Exercise details:
Take nothing but the lines from the one with "曲谱介绍: 《桥边姑娘》吉他" through the one with "Een rokje in" in the entries below, both ends kept, and return them exactly with pictures left out.

Data records:
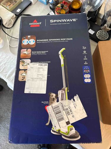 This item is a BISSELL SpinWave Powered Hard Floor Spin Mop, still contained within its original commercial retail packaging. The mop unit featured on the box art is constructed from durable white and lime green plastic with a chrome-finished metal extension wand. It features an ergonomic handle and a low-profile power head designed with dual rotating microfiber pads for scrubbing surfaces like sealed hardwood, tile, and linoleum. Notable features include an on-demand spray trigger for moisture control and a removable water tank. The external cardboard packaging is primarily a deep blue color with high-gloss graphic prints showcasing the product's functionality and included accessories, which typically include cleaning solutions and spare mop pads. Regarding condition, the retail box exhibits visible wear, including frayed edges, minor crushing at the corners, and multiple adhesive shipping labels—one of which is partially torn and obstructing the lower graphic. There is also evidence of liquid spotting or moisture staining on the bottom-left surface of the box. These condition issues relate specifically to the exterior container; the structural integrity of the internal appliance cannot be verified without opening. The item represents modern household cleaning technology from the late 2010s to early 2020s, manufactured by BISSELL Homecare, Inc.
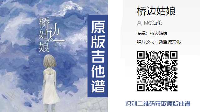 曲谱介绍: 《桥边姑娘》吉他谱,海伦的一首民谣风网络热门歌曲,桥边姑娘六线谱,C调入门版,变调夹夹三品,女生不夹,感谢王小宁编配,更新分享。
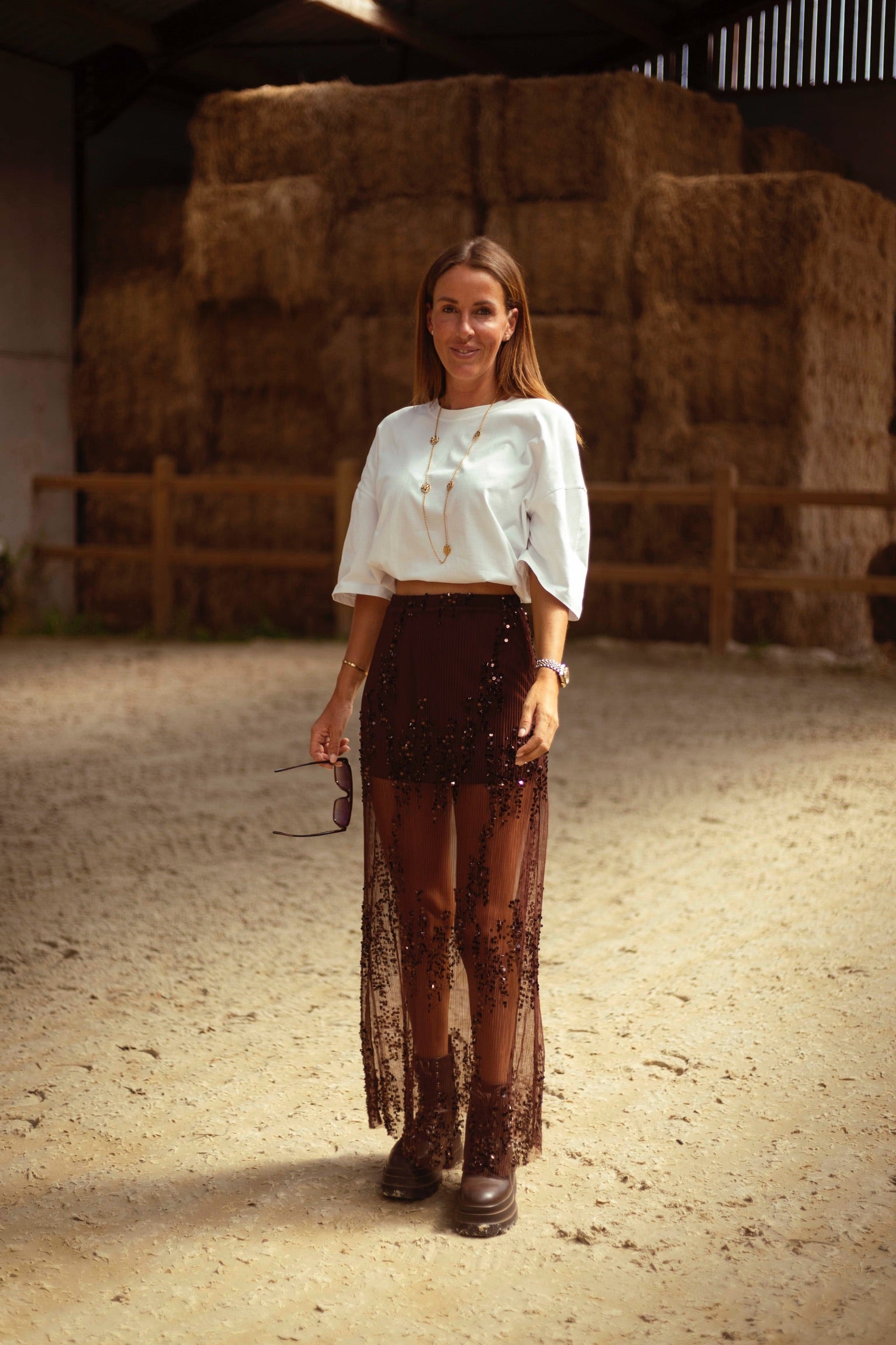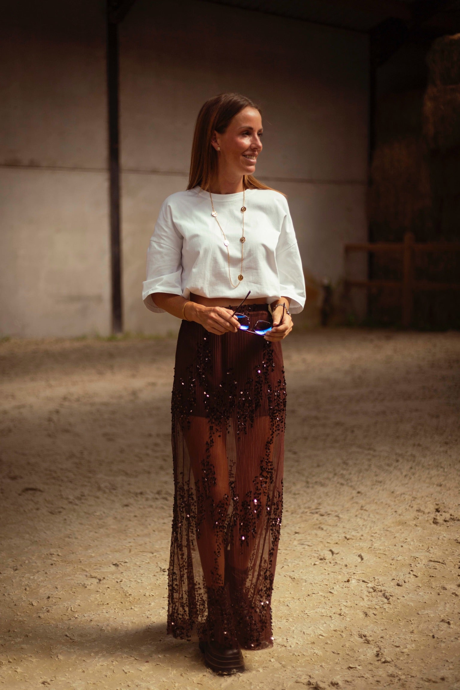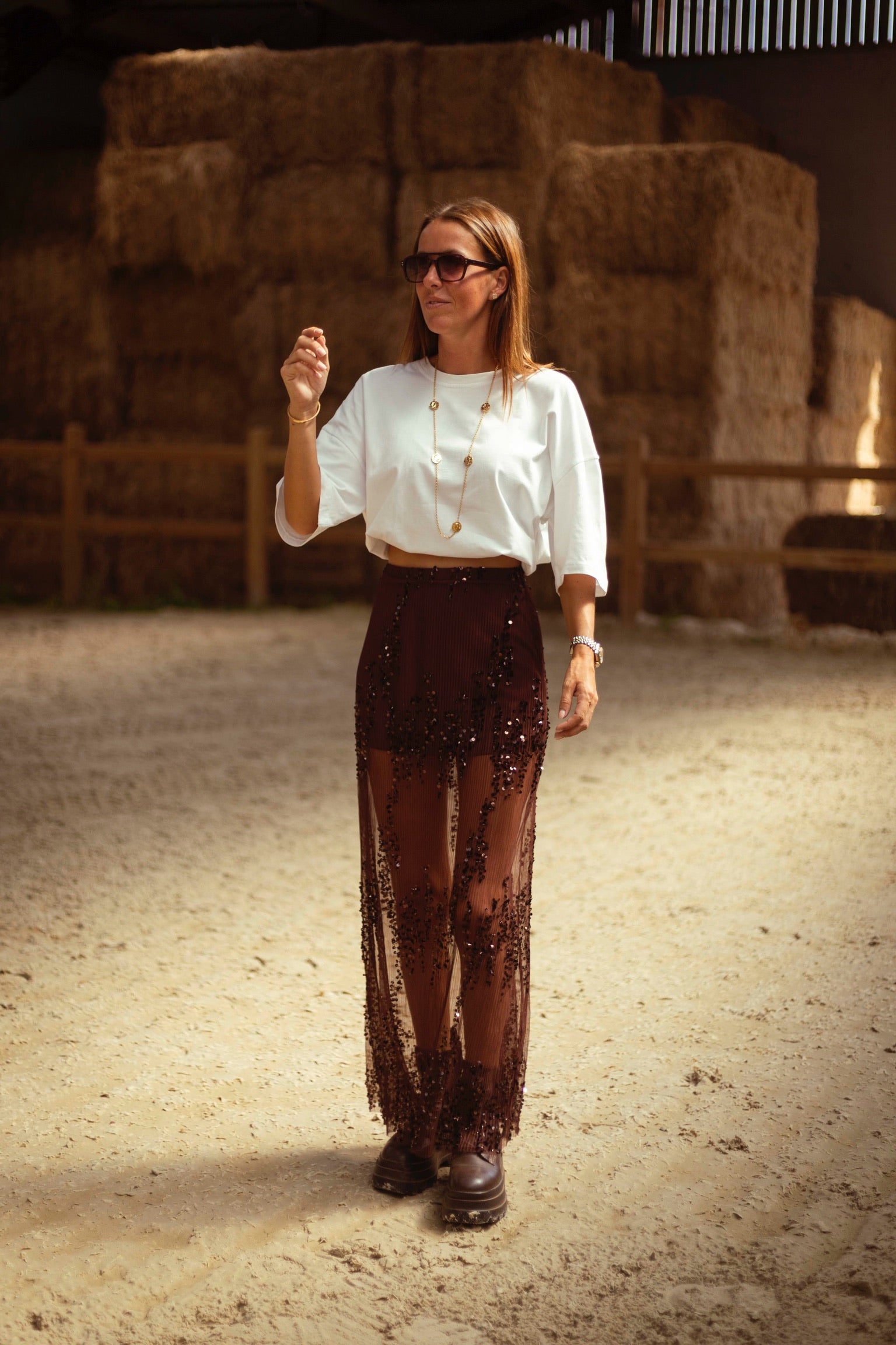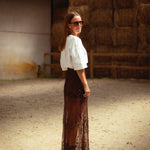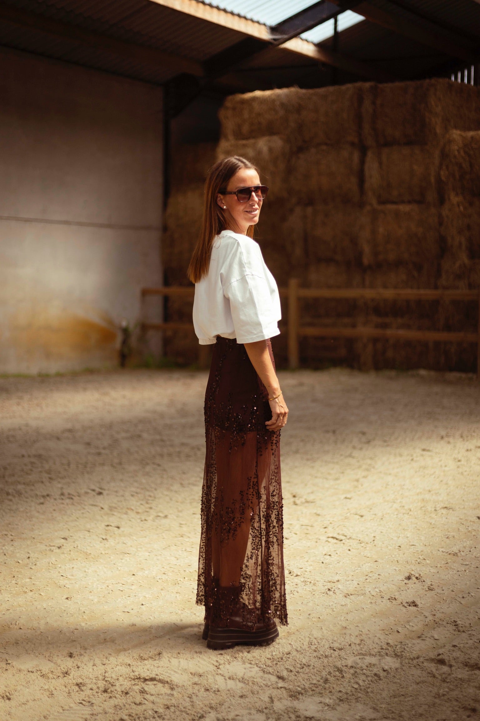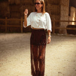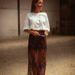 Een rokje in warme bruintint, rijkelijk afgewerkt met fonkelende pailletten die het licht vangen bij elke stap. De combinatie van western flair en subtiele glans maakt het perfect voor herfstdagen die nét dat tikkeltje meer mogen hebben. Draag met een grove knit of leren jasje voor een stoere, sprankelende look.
--
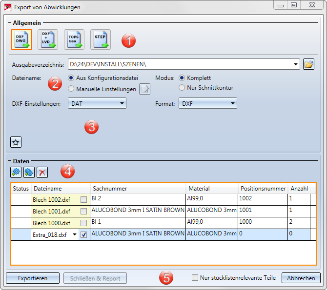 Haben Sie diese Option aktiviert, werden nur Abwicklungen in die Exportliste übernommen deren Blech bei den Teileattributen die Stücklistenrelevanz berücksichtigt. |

Exercise output:
 曲谱介绍: 《桥边姑娘》吉他谱,海伦的一首民谣风网络热门歌曲,桥边姑娘六线谱,C调入门版,变调夹夹三品,女生不夹,感谢王小宁编配,更新分享。
 Een rokje in warme bruintint, rijkelijk afgewerkt met fonkelende pailletten die het licht vangen bij elke stap. De combinatie van western flair en subtiele glans maakt het perfect voor herfstdagen die nét dat tikkeltje meer mogen hebben. Draag met een grove knit of leren jasje voor een stoere, sprankelende look.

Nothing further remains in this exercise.